- Vero Nangal Location in Punjab, India Vero Nangal Vero Nangal (India)
- Coordinates: 31°42′07″N 75°13′34″E﻿ / ﻿31.701831°N 75.226113°E
- Country: India
- State: Punjab
- Region: Punjab
- District: Gurdaspur
- Taluka: Batala

Government
- • Type: sarpanch

Languages
- • Official: Punjabi (Gurmukhi)
- • Regional: Punjabi
- Time zone: UTC+5:30 (IST)
- PIN: 143505
- Vehicle registration: PB-06
- Nearest city: Mehta Chowk
- Sex ratio: 1000/877 ♂/♀

= Vero Nangal =

Vero Nangal is a village in the Gurdaspur district of Punjab, India. It is predominantly inhabited by people of the Guruana Sahib clan.

==Geography==

Vairo Nangal is Side of Amritsar(approx.) It is located in the Batala tehsil of Gurdaspur district in the India Punjab. It is located on the Jalandhar-(Beas)-Batala road Mehta chowk is one of the famous landmark for Vairo Nangal while coming from the way to Amritsar. Rangar Nangal (1 km), Adowali (1 km), Patti Nanak Nangal (1 km), Nasir Pur (3 km), Chaudhriwal (4 km) are the nearby Villages to Vairo Nangal. Vairo Nangal is surrounded by Batala Tehsil towards North, Rayya-6 Tehsil towards South, Qadian Tehsil towards East, Dhilwan Tehsil towards South.

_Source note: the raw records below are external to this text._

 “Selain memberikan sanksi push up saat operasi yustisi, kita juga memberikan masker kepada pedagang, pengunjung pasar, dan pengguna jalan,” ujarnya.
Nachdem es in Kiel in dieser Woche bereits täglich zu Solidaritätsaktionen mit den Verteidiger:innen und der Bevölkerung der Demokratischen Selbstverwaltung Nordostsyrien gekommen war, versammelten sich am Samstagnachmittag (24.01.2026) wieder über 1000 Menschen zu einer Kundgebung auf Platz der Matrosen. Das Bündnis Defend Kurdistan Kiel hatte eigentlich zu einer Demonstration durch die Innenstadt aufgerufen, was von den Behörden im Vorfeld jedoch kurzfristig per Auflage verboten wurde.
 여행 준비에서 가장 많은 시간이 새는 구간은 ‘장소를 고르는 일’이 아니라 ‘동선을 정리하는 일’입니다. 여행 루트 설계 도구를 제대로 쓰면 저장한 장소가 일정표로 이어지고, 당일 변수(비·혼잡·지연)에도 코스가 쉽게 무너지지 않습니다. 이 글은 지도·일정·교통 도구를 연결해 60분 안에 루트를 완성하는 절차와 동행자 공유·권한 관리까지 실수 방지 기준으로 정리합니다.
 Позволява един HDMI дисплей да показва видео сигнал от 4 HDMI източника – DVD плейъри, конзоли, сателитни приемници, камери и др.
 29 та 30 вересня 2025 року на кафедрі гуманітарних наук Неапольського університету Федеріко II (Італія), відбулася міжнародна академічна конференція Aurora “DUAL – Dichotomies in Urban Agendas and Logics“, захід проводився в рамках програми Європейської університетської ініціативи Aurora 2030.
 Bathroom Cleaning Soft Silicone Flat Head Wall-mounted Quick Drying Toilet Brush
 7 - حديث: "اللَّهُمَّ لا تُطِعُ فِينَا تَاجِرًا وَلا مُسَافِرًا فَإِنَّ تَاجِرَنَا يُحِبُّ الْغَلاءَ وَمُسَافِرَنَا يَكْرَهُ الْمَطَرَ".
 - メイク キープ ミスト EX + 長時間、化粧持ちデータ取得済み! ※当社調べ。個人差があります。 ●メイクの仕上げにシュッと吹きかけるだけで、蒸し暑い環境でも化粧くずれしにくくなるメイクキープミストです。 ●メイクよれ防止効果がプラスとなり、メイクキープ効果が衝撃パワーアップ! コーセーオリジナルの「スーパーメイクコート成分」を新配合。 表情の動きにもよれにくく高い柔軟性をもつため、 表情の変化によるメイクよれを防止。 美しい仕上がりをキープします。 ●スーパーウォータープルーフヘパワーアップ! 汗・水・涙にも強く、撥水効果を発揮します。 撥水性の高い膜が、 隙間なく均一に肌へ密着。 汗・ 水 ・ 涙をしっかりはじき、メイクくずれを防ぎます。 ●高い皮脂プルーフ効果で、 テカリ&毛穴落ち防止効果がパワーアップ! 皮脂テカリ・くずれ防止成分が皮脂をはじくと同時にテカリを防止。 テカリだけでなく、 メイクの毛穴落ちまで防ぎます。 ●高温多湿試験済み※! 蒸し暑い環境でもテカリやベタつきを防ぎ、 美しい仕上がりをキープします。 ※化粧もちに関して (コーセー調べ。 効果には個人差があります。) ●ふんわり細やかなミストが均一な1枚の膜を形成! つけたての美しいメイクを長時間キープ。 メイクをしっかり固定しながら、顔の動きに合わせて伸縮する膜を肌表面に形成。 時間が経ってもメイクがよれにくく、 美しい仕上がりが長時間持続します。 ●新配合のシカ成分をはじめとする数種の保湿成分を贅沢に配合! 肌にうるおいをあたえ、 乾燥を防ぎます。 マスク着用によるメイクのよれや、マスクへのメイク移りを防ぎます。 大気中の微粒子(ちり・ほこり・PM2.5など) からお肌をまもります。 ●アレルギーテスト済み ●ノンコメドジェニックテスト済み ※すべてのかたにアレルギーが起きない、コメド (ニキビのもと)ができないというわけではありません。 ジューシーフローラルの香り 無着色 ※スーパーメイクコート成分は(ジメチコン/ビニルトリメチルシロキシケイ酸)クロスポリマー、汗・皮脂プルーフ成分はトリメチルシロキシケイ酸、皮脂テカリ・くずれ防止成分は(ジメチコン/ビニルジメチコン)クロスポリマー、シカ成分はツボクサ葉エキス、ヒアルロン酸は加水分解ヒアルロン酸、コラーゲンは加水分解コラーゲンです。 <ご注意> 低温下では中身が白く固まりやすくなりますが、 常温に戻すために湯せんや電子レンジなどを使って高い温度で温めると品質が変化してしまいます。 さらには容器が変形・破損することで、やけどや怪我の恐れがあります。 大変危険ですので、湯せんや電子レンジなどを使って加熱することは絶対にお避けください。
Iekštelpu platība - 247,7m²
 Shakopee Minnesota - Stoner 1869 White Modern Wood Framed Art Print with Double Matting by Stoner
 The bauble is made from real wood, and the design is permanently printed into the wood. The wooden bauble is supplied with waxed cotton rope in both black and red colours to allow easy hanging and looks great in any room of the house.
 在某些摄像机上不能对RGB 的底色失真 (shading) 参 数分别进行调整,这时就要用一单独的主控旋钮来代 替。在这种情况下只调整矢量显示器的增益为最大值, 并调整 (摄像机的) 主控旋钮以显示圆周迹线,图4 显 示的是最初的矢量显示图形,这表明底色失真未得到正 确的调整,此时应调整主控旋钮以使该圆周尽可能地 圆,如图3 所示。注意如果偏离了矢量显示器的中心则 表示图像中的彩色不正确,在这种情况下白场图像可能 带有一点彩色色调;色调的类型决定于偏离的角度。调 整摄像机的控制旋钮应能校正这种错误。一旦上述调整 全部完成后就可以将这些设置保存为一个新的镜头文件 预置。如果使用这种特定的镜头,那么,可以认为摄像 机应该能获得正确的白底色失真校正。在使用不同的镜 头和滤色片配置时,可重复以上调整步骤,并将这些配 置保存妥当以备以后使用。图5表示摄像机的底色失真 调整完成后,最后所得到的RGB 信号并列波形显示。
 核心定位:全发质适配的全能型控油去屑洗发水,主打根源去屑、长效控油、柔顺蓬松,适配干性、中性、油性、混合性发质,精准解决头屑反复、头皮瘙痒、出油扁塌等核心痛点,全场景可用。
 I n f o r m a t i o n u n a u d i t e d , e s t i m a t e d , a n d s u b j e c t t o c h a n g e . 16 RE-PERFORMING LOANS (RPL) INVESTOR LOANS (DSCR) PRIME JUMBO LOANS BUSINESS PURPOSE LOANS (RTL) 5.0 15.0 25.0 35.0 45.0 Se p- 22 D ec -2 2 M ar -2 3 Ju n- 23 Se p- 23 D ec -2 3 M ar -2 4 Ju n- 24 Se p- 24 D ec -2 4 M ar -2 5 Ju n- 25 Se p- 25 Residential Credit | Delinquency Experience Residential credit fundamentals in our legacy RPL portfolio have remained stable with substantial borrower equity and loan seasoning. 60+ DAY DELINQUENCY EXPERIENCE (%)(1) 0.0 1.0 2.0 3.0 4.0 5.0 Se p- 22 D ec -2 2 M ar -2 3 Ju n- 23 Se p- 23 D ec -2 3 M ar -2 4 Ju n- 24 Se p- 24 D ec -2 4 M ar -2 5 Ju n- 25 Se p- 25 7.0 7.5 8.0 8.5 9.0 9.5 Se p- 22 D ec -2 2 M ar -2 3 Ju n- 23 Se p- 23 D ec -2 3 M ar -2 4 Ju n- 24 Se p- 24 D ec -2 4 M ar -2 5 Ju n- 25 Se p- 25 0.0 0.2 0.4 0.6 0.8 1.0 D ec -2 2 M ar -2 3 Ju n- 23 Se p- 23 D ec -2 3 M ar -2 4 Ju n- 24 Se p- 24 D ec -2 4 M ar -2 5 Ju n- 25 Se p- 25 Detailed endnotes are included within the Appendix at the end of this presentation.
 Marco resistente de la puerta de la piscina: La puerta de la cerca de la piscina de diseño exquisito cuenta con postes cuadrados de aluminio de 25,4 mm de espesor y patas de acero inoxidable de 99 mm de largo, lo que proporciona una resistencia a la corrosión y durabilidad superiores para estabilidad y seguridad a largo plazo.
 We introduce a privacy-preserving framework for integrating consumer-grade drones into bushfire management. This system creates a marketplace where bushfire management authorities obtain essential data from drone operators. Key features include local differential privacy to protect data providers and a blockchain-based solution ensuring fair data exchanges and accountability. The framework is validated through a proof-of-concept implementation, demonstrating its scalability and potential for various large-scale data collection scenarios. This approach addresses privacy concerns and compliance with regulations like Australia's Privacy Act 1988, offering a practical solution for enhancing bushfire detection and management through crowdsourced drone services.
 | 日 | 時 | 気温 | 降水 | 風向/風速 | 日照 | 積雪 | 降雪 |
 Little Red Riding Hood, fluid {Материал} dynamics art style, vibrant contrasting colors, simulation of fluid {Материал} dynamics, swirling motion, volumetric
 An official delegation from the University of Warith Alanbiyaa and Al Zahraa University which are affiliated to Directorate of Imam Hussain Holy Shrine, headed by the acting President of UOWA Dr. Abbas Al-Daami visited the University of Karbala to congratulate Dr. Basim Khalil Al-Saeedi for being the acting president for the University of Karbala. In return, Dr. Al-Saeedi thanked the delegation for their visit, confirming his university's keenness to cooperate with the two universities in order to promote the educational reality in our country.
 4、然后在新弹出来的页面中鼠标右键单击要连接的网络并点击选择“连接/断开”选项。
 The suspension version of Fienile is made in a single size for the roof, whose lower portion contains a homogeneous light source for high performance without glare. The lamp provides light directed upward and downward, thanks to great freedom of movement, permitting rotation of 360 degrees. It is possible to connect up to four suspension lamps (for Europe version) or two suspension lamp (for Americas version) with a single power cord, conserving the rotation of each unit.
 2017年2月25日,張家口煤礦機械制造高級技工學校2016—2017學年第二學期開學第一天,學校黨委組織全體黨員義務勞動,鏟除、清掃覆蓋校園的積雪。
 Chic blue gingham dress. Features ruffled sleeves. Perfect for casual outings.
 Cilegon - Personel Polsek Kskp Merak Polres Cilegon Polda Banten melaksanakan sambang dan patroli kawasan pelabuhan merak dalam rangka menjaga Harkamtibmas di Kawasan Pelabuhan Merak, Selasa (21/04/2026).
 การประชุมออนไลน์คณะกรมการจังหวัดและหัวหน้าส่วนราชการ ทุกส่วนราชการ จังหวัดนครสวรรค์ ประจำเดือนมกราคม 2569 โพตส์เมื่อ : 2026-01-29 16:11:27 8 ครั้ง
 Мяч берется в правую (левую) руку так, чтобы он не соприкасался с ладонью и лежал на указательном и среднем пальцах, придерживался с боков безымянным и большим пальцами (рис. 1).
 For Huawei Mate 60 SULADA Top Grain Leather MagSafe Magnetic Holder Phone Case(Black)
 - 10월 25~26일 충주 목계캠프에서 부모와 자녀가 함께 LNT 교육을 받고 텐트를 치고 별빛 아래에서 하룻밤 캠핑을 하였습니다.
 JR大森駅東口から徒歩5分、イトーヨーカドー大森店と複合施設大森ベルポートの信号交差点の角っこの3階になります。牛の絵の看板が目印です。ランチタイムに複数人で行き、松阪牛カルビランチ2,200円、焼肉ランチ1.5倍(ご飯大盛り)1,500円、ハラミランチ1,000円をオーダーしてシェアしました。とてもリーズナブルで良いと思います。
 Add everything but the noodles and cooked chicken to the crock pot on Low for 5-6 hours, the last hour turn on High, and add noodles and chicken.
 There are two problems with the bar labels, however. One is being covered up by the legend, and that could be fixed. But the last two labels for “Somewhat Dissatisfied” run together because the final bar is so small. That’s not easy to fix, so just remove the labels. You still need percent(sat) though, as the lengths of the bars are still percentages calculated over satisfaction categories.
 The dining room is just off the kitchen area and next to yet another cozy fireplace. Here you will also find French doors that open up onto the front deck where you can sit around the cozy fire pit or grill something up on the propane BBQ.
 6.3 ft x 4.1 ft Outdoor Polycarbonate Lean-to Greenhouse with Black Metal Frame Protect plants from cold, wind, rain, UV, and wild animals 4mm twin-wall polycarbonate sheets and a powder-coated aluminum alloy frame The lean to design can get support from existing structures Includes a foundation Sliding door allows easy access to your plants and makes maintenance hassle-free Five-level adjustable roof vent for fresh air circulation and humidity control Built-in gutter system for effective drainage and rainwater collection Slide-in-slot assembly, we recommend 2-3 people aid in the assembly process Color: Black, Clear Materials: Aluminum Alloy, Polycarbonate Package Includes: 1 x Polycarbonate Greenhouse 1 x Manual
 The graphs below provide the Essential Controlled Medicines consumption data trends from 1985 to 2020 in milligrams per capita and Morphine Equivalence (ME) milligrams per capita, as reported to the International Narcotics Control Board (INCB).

Batala, Qadian, Amritsar, Kapurthala are the nearby Cities to Vairo Nangal.

This Place is in the border of the Gurdaspur District and Amritsar District. Amritsar District Majitha-3 is west towards this place.

==Culture==

The village is predominated by the Jatt People. Lohri is the most popular festival of the village. Agriculture is the most common source of business.

Punjabi is the mother tongue as well as the official language of the village.

==Economy==

As common in the region, the primary occupation for the villagers is agriculture, but many have gone overseas to find employment and elsewhere.